# Bored 'tiel



## CookieTiel (Feb 6, 2012)

Cookie, my little bird-girl, seems to be so bored! I work from home so she's out of the cage for the entire day. We moved in about a month ago and she's still getting used to the house, not 100% comfortable yet, but she's not very active during the day. She has a lot of toys in her cage but doesn't really care about them. Her most active time of day is in the morning right after she wakes up, and she loves exploring the kitchen. Other than that, she's very quiet. Our house is overall very quiet too, no kids, so I'm sure that affects her mood as well. Anything that I can do to keep her more entertained?


----------



## Charlotte (Jun 4, 2014)

Well, there's always trick-training which you could look into, but are you sure she's really bored? What does she do? Murray is also pretty active in the morning, but in the afternoon she just potters about on the desk chewing a few toys and boxes, snoozes on my shoulder and flies to the cage occasionally to bat-wing. I thought that was pretty normal...I wonder what more experienced owners think?


----------



## Jaguar (Jul 11, 2014)

Cockatiels generally don't really run around and play and make a ruckus like some of the other species do. They really like to be involved in what their "flock" (you) is doing, though - I would try to involve her in your everyday activities such as eating together, doing paperwork or chores, watching tv, etc.


----------



## CookieTiel (Feb 6, 2012)

Yes, she likes to get involved in what I do. She eats when I eat, and shreds papers on my desk when I'm doing paperwork. When I'm on the computer, she just sits on my lap and snoozes, though, until she wakes up and asks for scritches. I bought her a nice easter basket and filled it up with paper toys, thinking that maybe she could play with that when I'm on the computer, but she's not that interested.


----------



## Charlotte (Jun 4, 2014)

To be honest, that sounds like Murray! It never crossed my mind that Murray could be bored. 

I'm sure she'll get into the easter basket in time, but they do often take some time to get into new toys.


----------



## CookieTiel (Feb 6, 2012)

Charlotte, maybe it's normal, and maybe I'm overreacting. It's just that my house is so quiet that I'm wondering if Cookie might benefit from higher levels of activity. I also read somewhere that they adjust to the activity level of a house, so it makes sense that she's quiet in a quiet environment. 

Sometimes she goes through phases:she's very active for about 20 minutes, then snoozes.

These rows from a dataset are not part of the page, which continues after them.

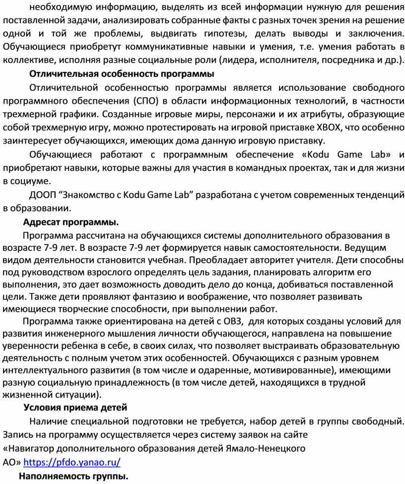 ДООП “Знакомство с Kodu Game Lab” разработана с учетом современных тенденций в образовании.
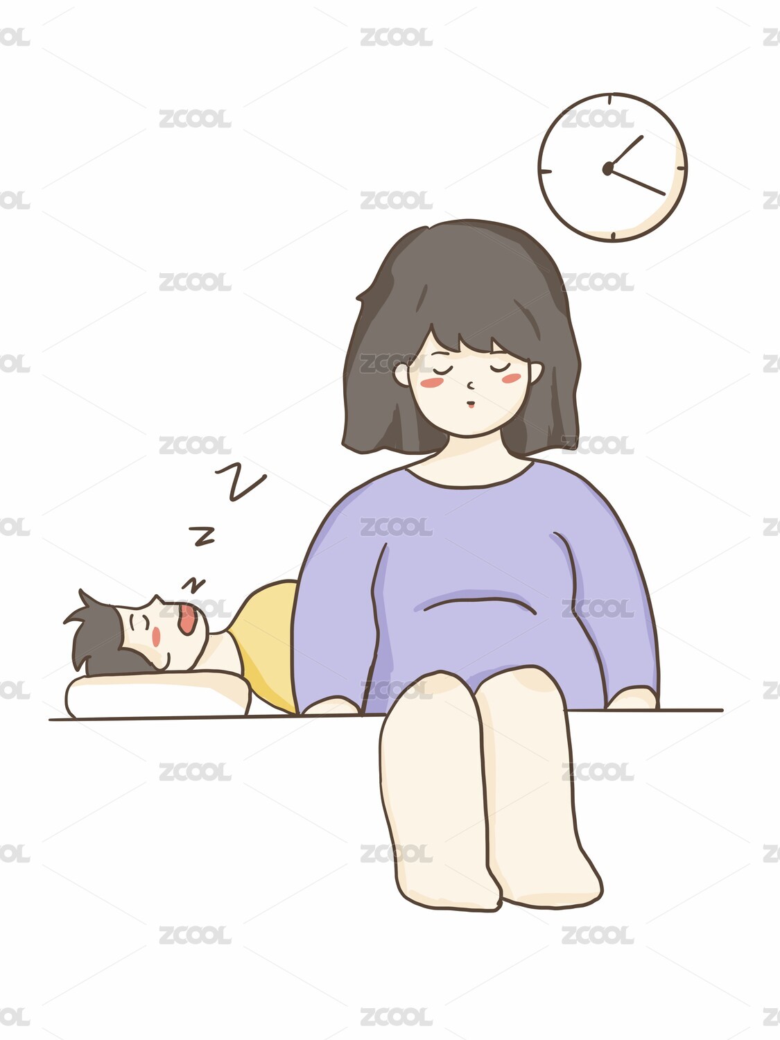 休闲,治愈,清新,简笔画,女孩,女人,插画,生活,描边,孕妇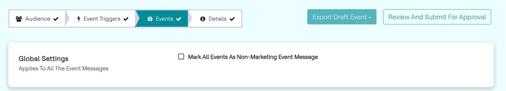 The check-box "Mark all events as a non-marketing event message" disables our default global contact policy check. This default is currently set to limit the outgoing events to 50 in 7 day, per customer, across all events. There is also an event level contact policy that can be configured in the Details tab.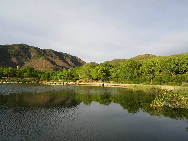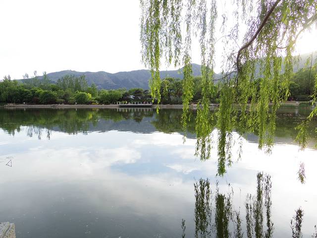 北京植物园的湖面不大,但山青水秀,在蓝天白云的映衬下,细细欣赏水中倒影,更是别有一番韵味。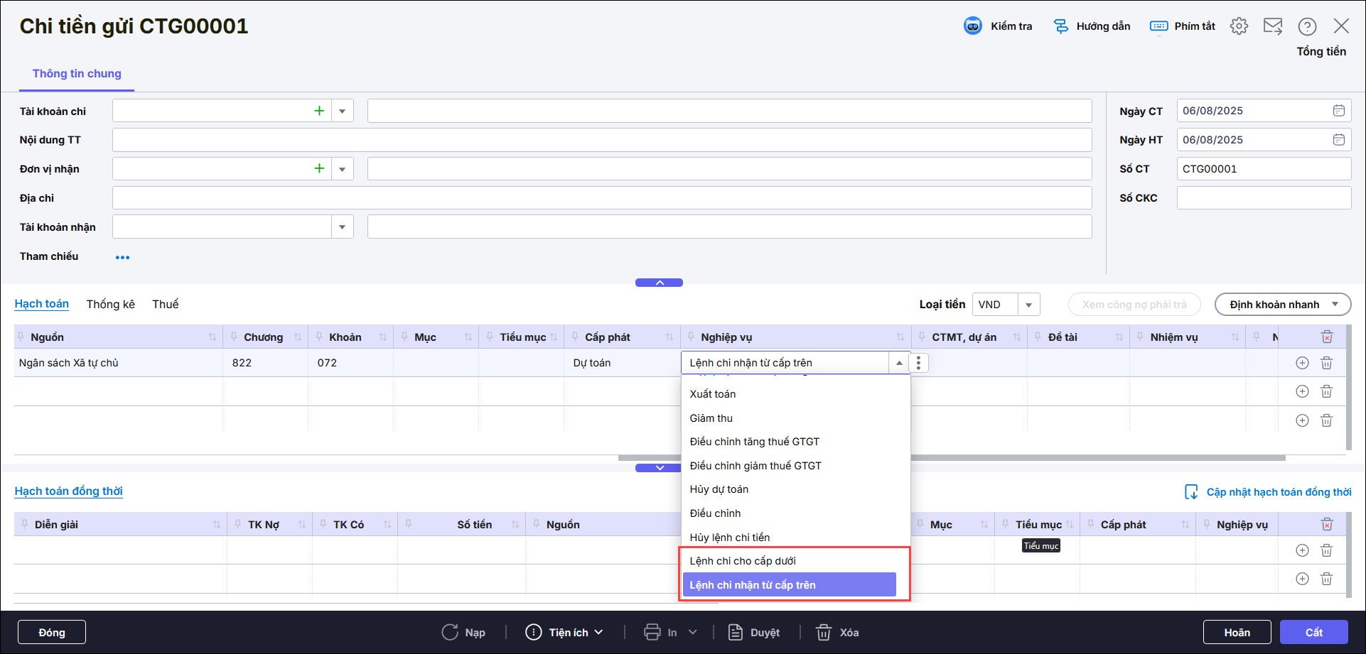 c. Phần mềm bổ sung thêm 2 loại Nghiệp vụ trên các chứng từ gồm: Lệnh chi cấp cho cấp dưới, Lệnh chi nhận từ cấp trên.
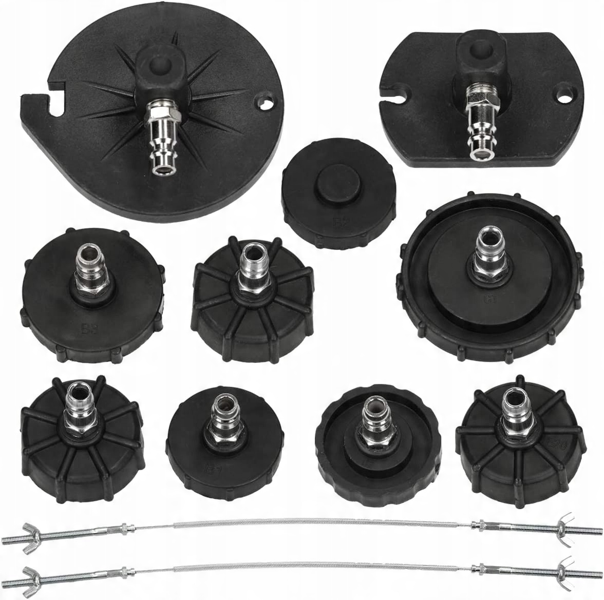 Набор из 11 пластиковых заглушек конической формы с резиновыми уплотнениями. Полезно для пневматического устройства для замены тормозной жидкости с быстроразъемным разъемом 1/4 дюйма.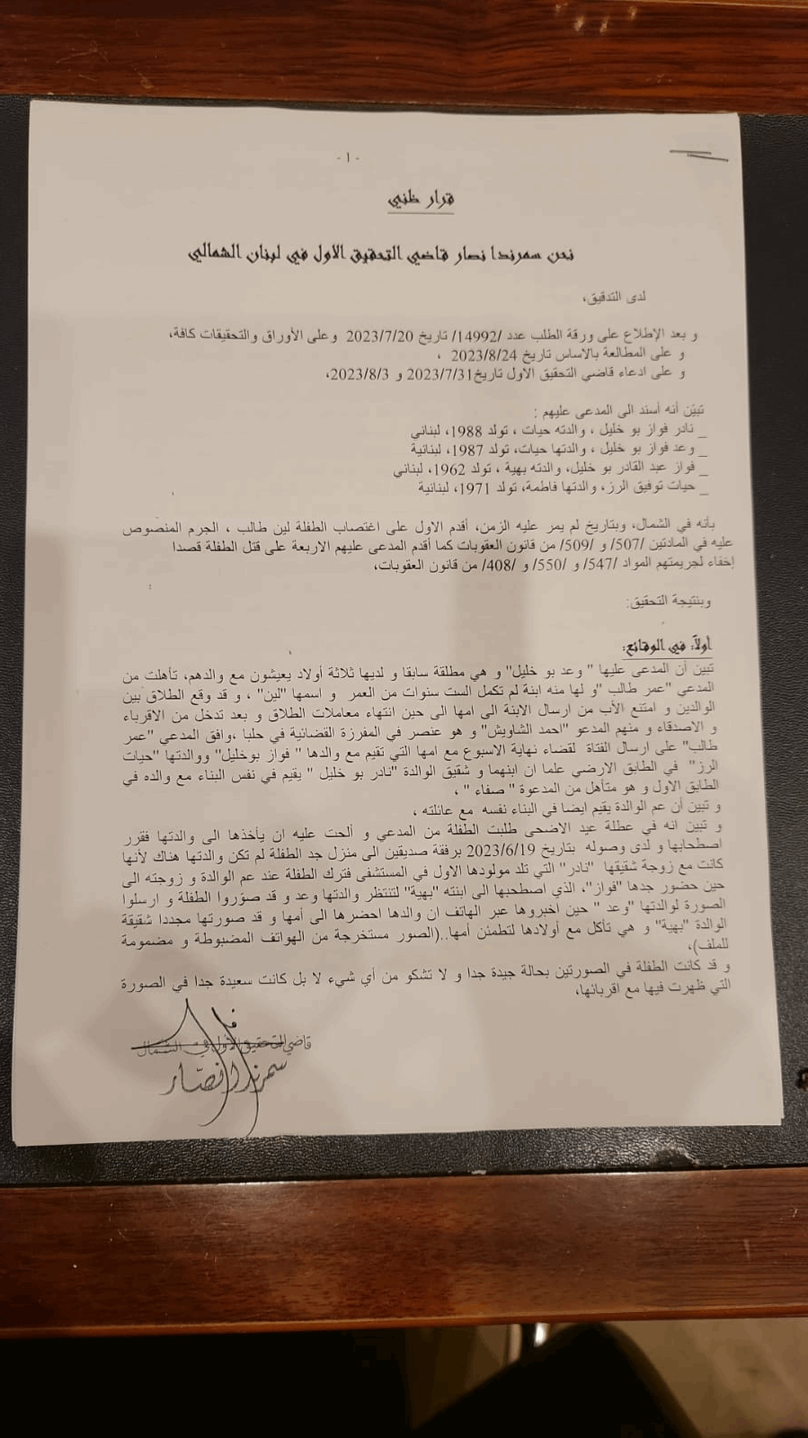 والجديد في الامر هو التطور القضائي الذي حصل، اذ أصدرت قاضية التحقيق الأولى في الشمال سمرندا نصار، قرارها الظني حيث اعتُبِر فعل خالها ينطبق على جنايتي المادتين 503 و504 في قانون العقوبات، كما اعتبرت أنّ وفاة لين ينطبق على انهاء الحياة عمداً وفق المادة 549 من هذا القانون، حيث طلبت القاضية نصار محاكمة الخال ووالدتها وجدها وجدتها لأمها بهذه الجناية التي تنصّ على عقوبة الإعدام.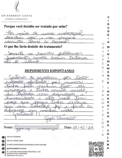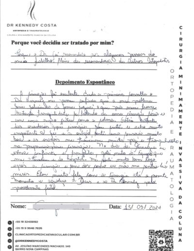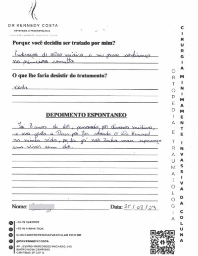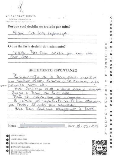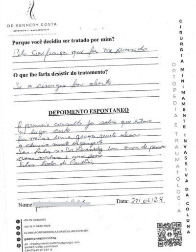 Além das avaliações no Google, aqui você encontra algumas palavras escritas à próprio punho pelos pacientes atendidos pelo Dr. Kennedy.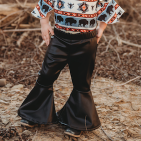 A must for this year’s Fall and Winter wardrobe, these Faux Black Leather Bells are not only comfortable but extremely stylish! Perfect for any day wear or turning heads at the rodeo, these Faux Leather Pants will make a statement!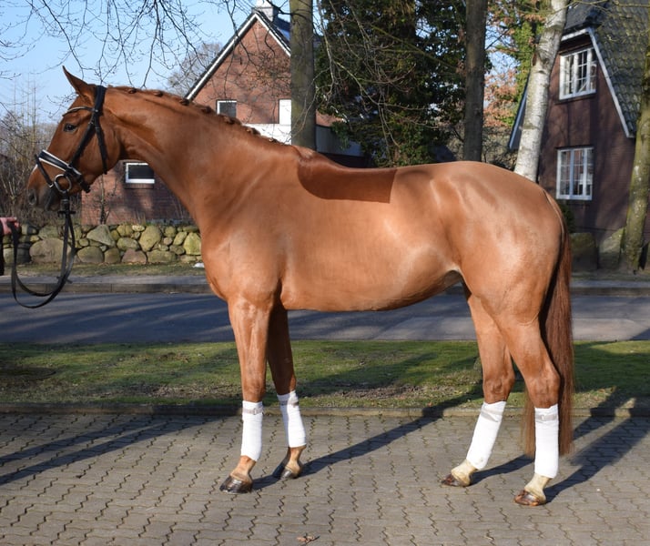 Eine athletisch aufgemachte Stute, die auf den ersten Blick zu überzeugen weiß . Sie verfügt über eine sehr gute Galoppade , raumgreifenden Schritt und eine sehr elastische Trabphase. Top rittig, immer an der Seite seines Reiters. Sie ist sehr nervenstark und sehr einfach zu reiten, deshalb auch für Kinder und Wiedereinsteiger bestens geeignet. Mehr Infos finden Sie auf unserer Homepage. Probereiten jederzeit nach Absprache möglich.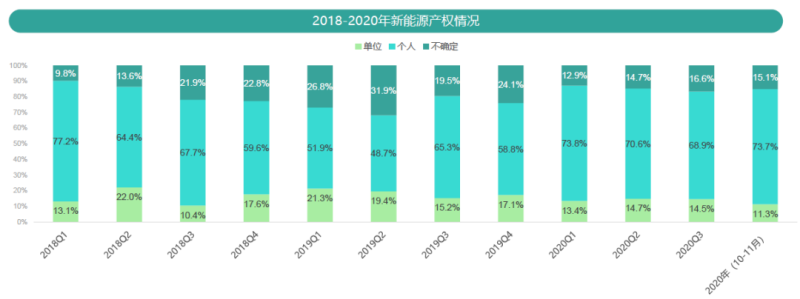 圖 | 2018-2020年新能源產(chǎn)權(quán)情況(數(shù)據(jù)來源:威爾森監(jiān)測)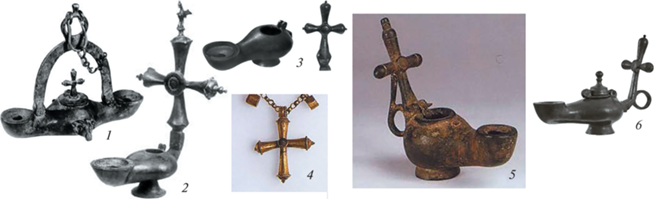 Различные формы крестов: 1–3, 5 – бронзовые светильники IV–VII вв. (по: Xanthopoulou, 2010. P. 9, 11, 133, 134, 161; Залесская, 2006. Кат. № 212); 4 – крест из ожерелья, входившего в состав мерсинского клада. Гос. Эрмитаж. (по: Залесская, 2006. Кат. № 191); 6 – светильник из раскопок города недалеко от Бяла (Болгария), конец VI – начало VII в. (по: Минчев, 2015. Обр. 1; табло I, 1–4).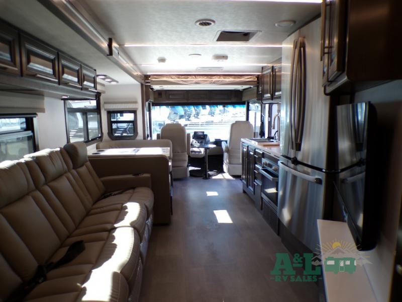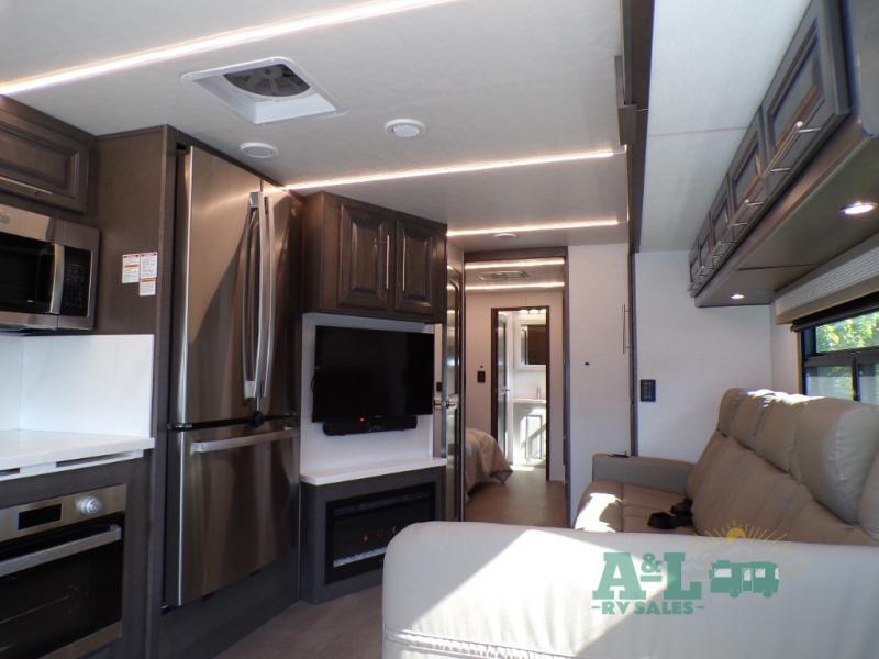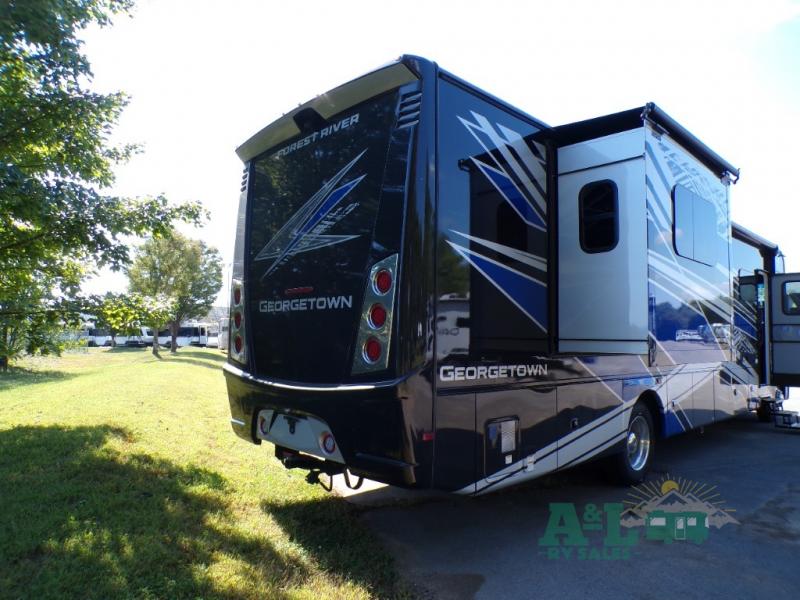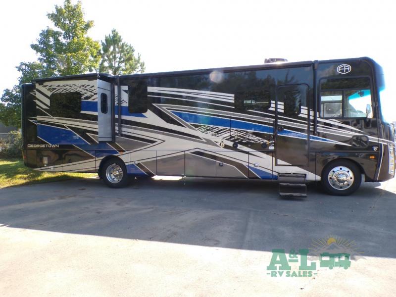 Start exploring your favorite destinations with one of these Forest River Georgetown 7 Series Class A gas motorhomes! Their solid surface kitchen countertops and stainless-steel appliances will have you feeling right at home. There are also day/night shades, wood trim around the windows, a clear glass shower door, and more interior comforts. The Arctic package lets you travel in harsher weather, and the automatic hydraulic 4-point leveling system will keep your unit leveled wherever you set up. The construction consists of aluminum framed vacuum bonded floors and gel coated sidewalls, a crowned roof, and high-density block foam insulation built to support adventures in both warm and cooler months! The drive will be just as enjoyable as the destination with swivel driver's seats, a custom cockpit soft touch dash, and a Sony 10" entertainment system!

When she wakes up, she gets super hyper for another 20 minutes, then snoozes to recharge, and it's like that for the whole day!


----------



## phronima (Jan 12, 2015)

My tiels are a bit like that - in the mornings they are super active, they want to be out and paid attention to. 
If I have time they'd be out for an hour or two, after that they want to snack and nap! by late afternoon they would want to be out again until it's bed time

I always thought that's just normal for them .. maybe mine are lazy


----------



## Charlotte (Jun 4, 2014)

CookieTiel said:


> Sometimes she goes through phases:she's very active for about 20 minutes, then snoozes. When she wakes up, she gets super hyper for another 20 minutes, then snoozes to recharge, and it's like that for the whole day!


Yes I noticed that too! Although as Murray has got older, the gaps between naps has got bigger and the hyper/sleepy cycle has levelled out somewhat compared to when she was a baby. Cookie and Murray must have similar lifestyles  I live by myself with Murray too, so they both have a pretty quiet home I suppose.


----------